# [WHAT YOU HAVE TO DO]
Retype each line of the data below exactly, beginning with the first and ending with the one that contains "韩版格子拼接宽松套头针织衫前短后长圆领中长款雪纺衫拼色衬衫女". Pictures do not belong in the copy.

# [DATA SEGMENT]
------------

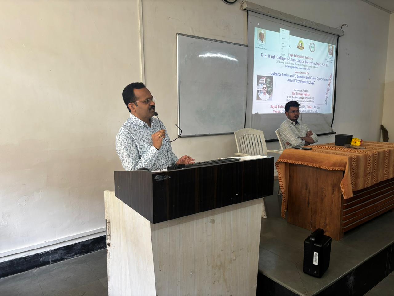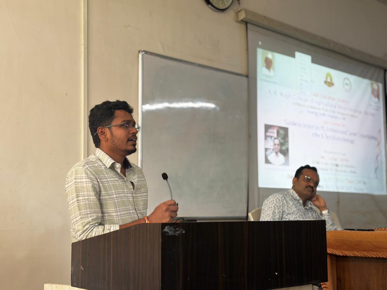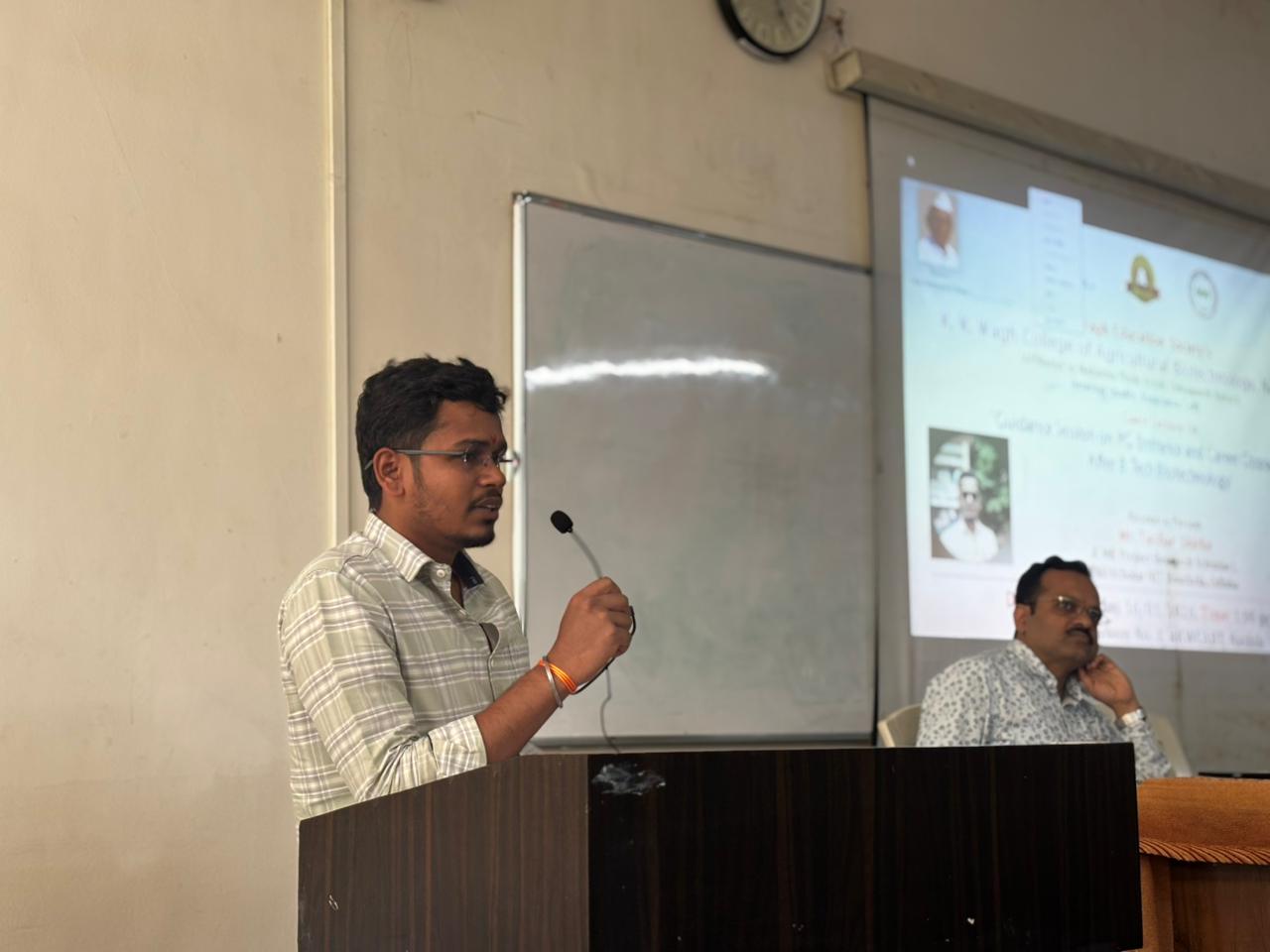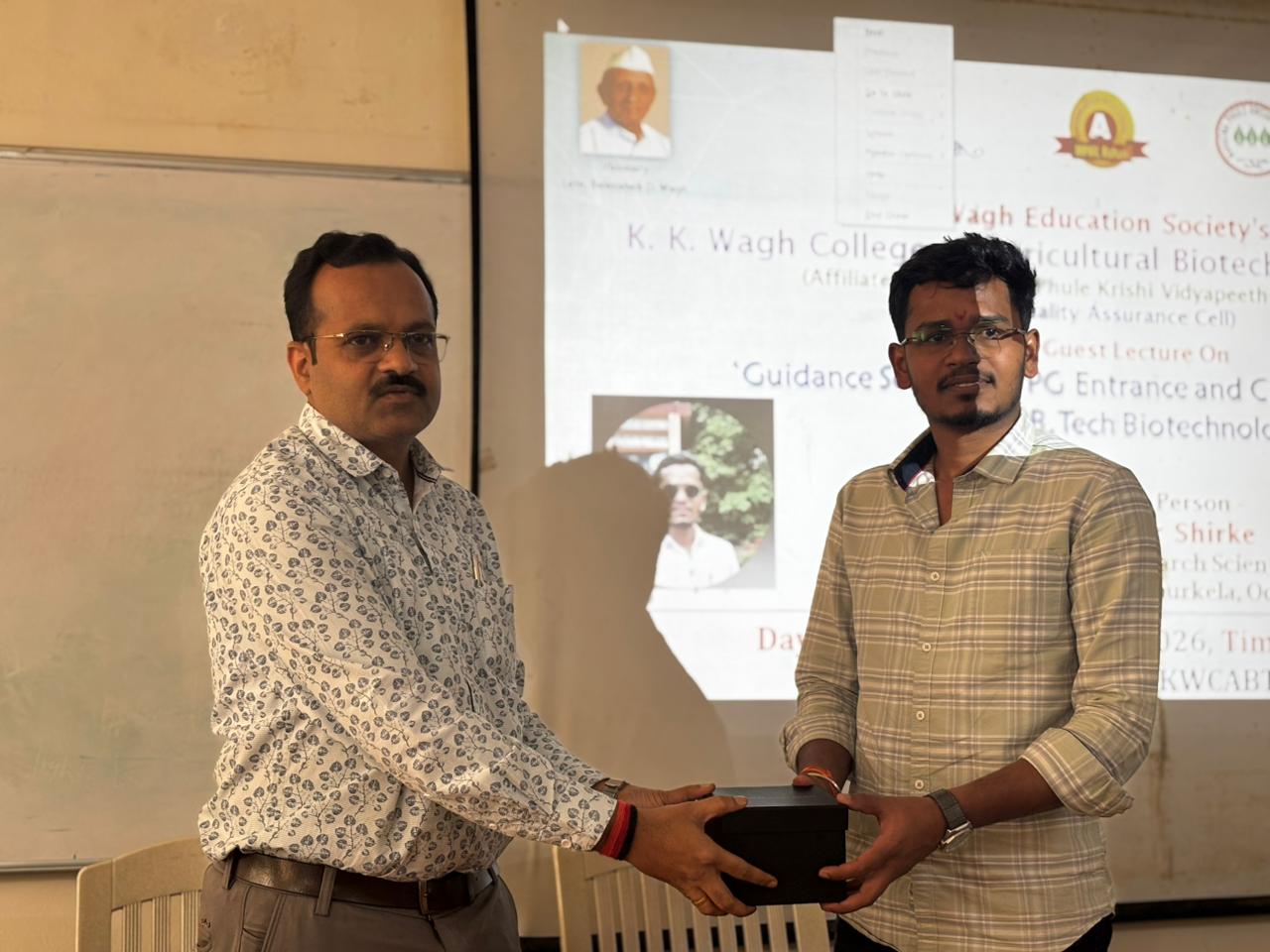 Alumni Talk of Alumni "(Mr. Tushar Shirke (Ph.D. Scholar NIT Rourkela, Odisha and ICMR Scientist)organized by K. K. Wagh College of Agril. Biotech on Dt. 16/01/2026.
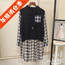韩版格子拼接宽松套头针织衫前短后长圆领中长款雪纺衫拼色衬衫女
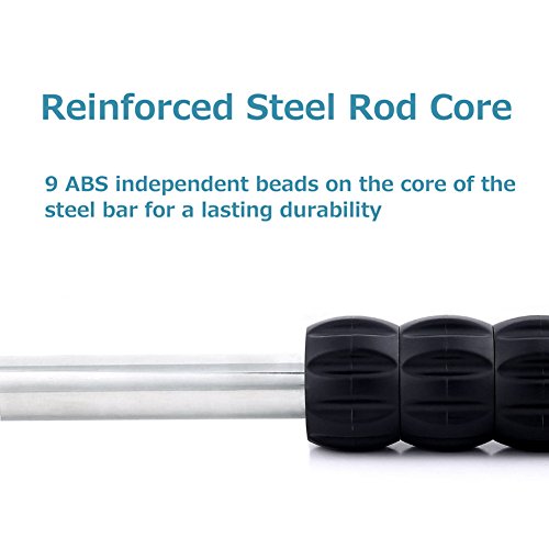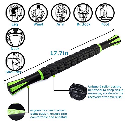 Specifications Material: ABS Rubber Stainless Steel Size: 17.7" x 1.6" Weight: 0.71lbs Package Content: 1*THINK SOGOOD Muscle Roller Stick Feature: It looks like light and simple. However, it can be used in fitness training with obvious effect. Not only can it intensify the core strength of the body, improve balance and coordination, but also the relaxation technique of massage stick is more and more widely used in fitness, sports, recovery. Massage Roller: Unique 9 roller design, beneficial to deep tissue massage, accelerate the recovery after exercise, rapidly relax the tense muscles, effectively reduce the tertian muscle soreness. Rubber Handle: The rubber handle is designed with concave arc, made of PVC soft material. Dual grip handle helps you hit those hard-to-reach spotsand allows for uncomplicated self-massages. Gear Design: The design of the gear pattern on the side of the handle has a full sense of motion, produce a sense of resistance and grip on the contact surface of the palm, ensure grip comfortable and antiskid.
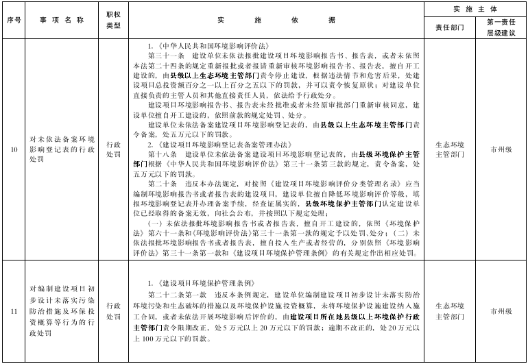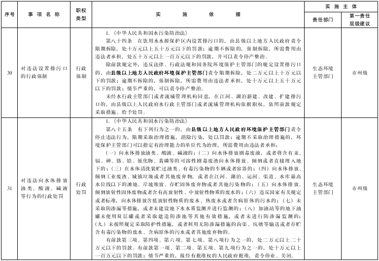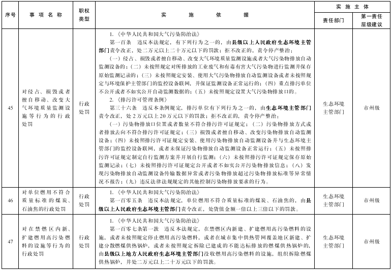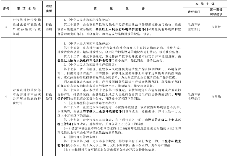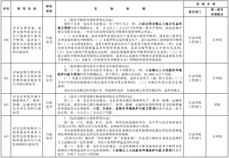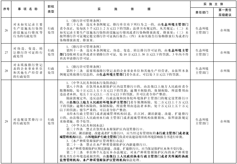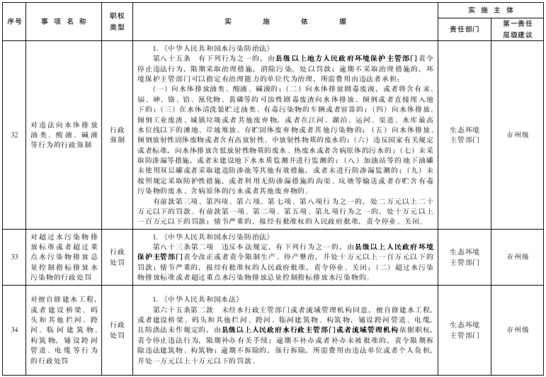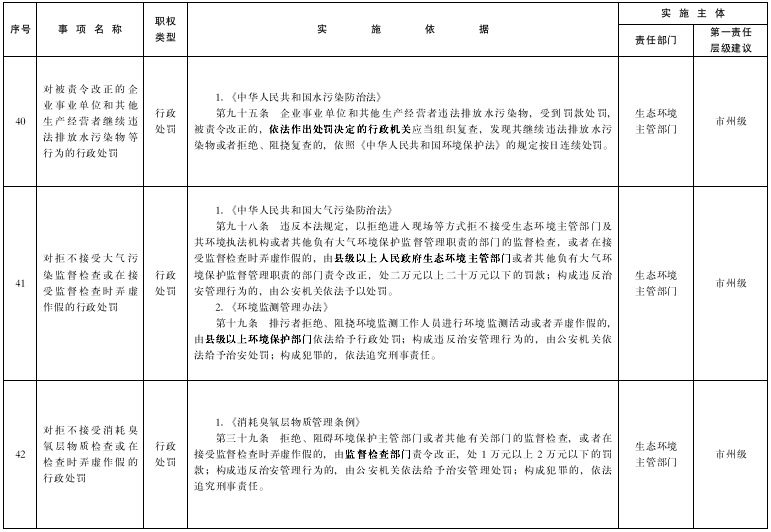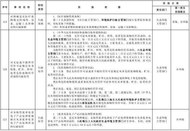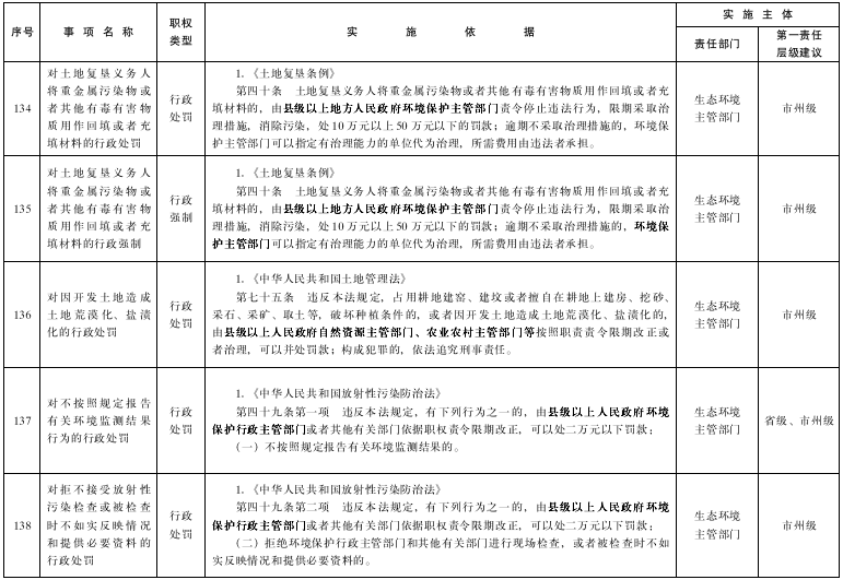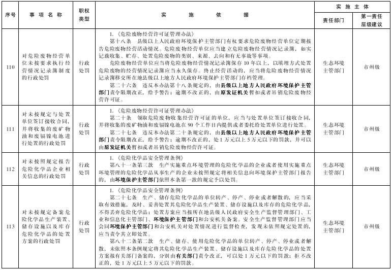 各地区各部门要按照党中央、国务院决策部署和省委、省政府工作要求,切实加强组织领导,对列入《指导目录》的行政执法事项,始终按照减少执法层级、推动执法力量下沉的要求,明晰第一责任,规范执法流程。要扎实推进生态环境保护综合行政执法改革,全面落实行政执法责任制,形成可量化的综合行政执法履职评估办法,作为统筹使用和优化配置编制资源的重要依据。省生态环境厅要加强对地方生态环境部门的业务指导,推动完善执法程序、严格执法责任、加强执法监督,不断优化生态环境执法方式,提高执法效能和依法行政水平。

------------

# [RESULT OF THIS TASK]
 Alumni Talk of Alumni "(Mr. Tushar Shirke (Ph.D. Scholar NIT Rourkela, Odisha and ICMR Scientist)organized by K. K. Wagh College of Agril. Biotech on Dt. 16/01/2026.
韩版格子拼接宽松套头针织衫前短后长圆领中长款雪纺衫拼色衬衫女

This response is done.